La parole est à M. François de Rugy.

M. François de Rugy. Je voudrais d’abord faire une remarque sur la situation singulière dans laquelle se trouve le ministre chargé des collectivités territoriales et qui justifierait, à elle seule, l’adoption de la motion de rejet préalable. Alors que l’on vient de changer de gouvernement, on continue à vouloir faire adopter ce texte par un ministre qui vient de quitter l’Association des régions de France, alors qu’il est président d’une de ces régions. Soit on peut penser qu’il y a eu quelque impréparation dans ce remaniement, même s’il est annoncé depuis près de six mois, soit il s’agit d’envoyer un signal non seulement aux élus de la nation, mais plus encore aux dizaines de milliers d’élus locaux de France.

En réalité, monsieur Richert, si vous avez quitté l’Association des régions de France il y a quelques jours, c’est parce que vous refusez obstinément la discussion, le dialogue, la négociation avec les élus qui ne sont pas de votre bord, alors qu’ils ont été massivement confirmés dans leurs fonctions par le suffrage universel en mars 2010.

Tout à l’heure, lors des questions au Gouvernement, le Premier ministre a indiqué qu’il dirigeait maintenant un gouvernement de combat. C’est, sans aucun doute, un gouvernement de combat contre les élus locaux de France.

M. Gérard Charasse et M. Yves Cochet. Très bien !
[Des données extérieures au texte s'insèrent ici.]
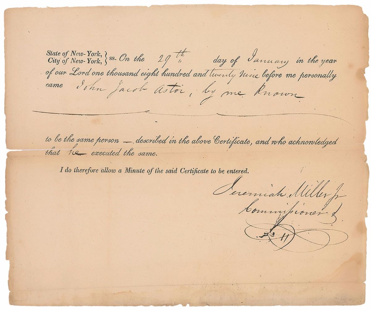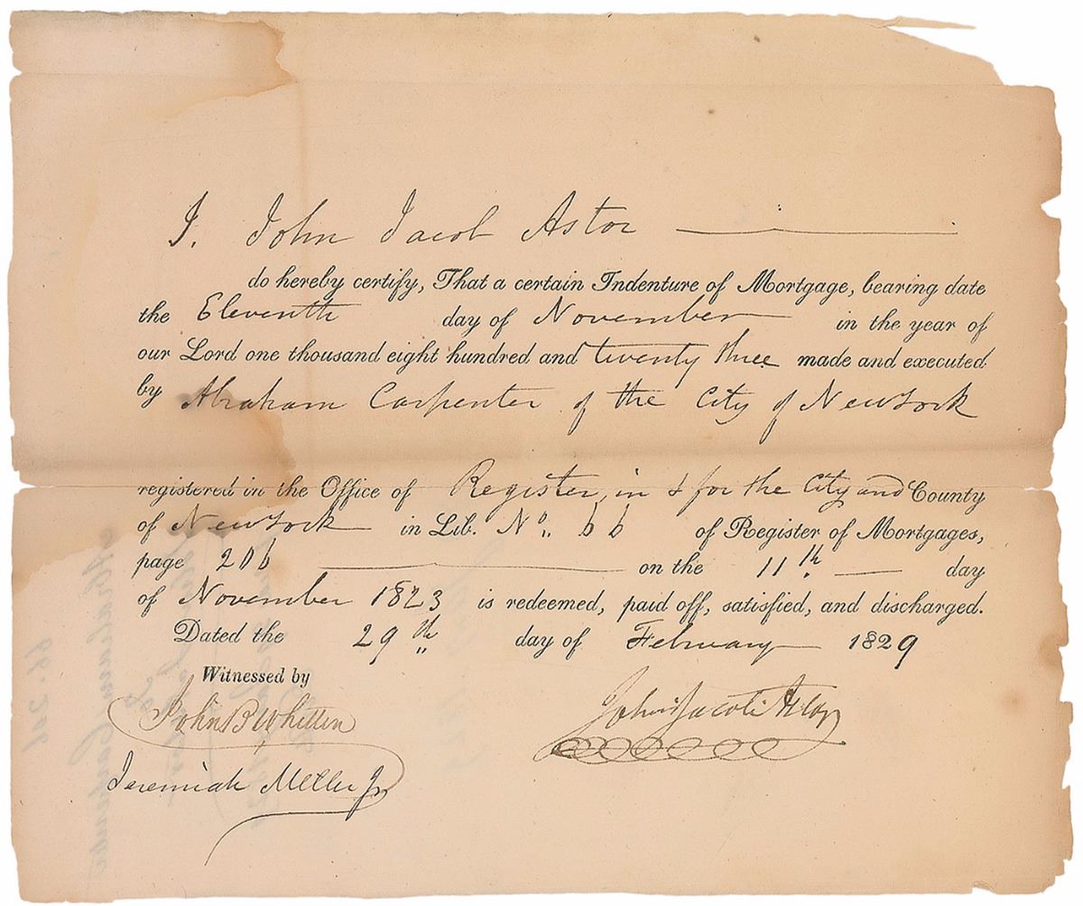Businessman who was the first prominent member of the Astor family and the first multimillionaire in the United States (1763–1848). Partly-printed DS, one page, 8.25 x 6.75, February 29, 1829. Document certifying that an indenture of mortgage made and executed by Abraham Carpenter is “redeemed, paid off, satisfied, and discharged.” Signed at the conclusion by Astor and countersigned by two witnesses. Accompanied by a related partly-printed document signed by a city official. In very good condition, with a tape-repaired complete separation to the central horizontal fold, dampstaining to left side affecting some text in the body, and chipping to edges.

M. François de Rugy. Je ne reprendrai pas par le menu la liste des étapes successives qui ont vu un projet que vous nous aviez vendu - car, avec vous, tout est vendu - comme une réforme phare du quinquennat de Nicolas Sarkozy devenir peu à peu une assez pitoyable opération politicienne dont l’enjeu n’échappe désormais à personne. Défaite régulièrement dans les urnes - j’aurais envie de dire systématiquement - lors des scrutins locaux depuis 2007, votre majorité a décidé de trouver une parade peu glorieuse. Vous avez succombé à la tentation de priver les collectivités territoriales de leur liberté d’administration, d’organiser leur étranglement financier, et de les faire diriger par des conseillers territoriaux élus dans des conditions ahurissantes au regard de l’évolution des modes de scrutin et de la représentation sociale et politique de nos concitoyens. On est bien loin, à la lecture du texte issu de la commission mixte paritaire, des ambitions qui étaient les vôtres au début du processus législatif. Quelle occasion gâchée !
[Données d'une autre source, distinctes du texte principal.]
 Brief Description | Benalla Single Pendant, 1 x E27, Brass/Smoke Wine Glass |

La commission transpartisane dont vous aviez confié la responsabilité à Édouard Balladur aurait bien du mal à retrouver ses petits dans le texte déséquilibré et bien souvent incompréhensible sur lequel nous sommes appelés à voter aujourd’hui.

Vous prétendiez vouloir mettre fin au millefeuille territorial français. Il y avait trop d’échelons politico-administratifs en France, nous disaient en cœur les spécialistes des institutions, les acteurs de terrain et, reconnaissons-le, bien souvent nos concitoyens. Il fallait, nous disiez-vous, mettre fin à cette architecture dans laquelle se superposaient les régions, les départements, les groupements intercommunaux, les communes, en plus de l’État, de ses services et de l’Union européenne.

À l’issue de nos débats, il y a désormais les régions, les départements, les groupements de communes, dont un groupement d’un type nouveau créé par votre réforme, et les communes. Sans doute n’étiez-vous pas prêts à adopter une organisation territoriale répondant à la proposition audacieuse que nous, écologistes, avions formulée devant la commission Balladur, et qui consistait à fusionner réellement départements et régions, en faisant des premiers un échelon de proximité de la politique régionale.

À l’issue de notre audition devant la commission Balladur - M. Perben s’en souvient sans aucun doute -, l’un des membres de celle-ci, et non des moindres, nous avait confié : « Votre proposition a le mérite de la clarté, mais elle heurte tant d’intérêts et de conservatismes qu’elle a peu de chances d’être retenue. » Voilà des propos prémonitoires. Ce sont bien certains conservatismes et la préservation d’intérêts convergents qui l’ont emporté.

À défaut de réduire le millefeuille, vous avez alors prétendu vouloir le simplifier. Le texte qui nous est proposé aujourd’hui - et c’est un comble - le complexifie encore davantage.

Vous nous aviez annoncé la révolution des compétences. Clarifier les échelons administratifs et les rendre lisibles pour le citoyen, assurer une meilleure gestion des deniers publics en limitant les financements croisés, telles étaient vos intentions. Voilà des intentions louables, mais qui se sont heurtées très vite à ce qui, au fond, est le défaut originel de votre politique, que nos concitoyens supportent de moins en moins - ils le montrent à la fois dans les urnes et dans la rue - : l’absence de solidarité effective entre territoires riches et territoires en difficulté, en un mot l’absence de justice qui caractérise tant votre politique depuis trois ans et demi.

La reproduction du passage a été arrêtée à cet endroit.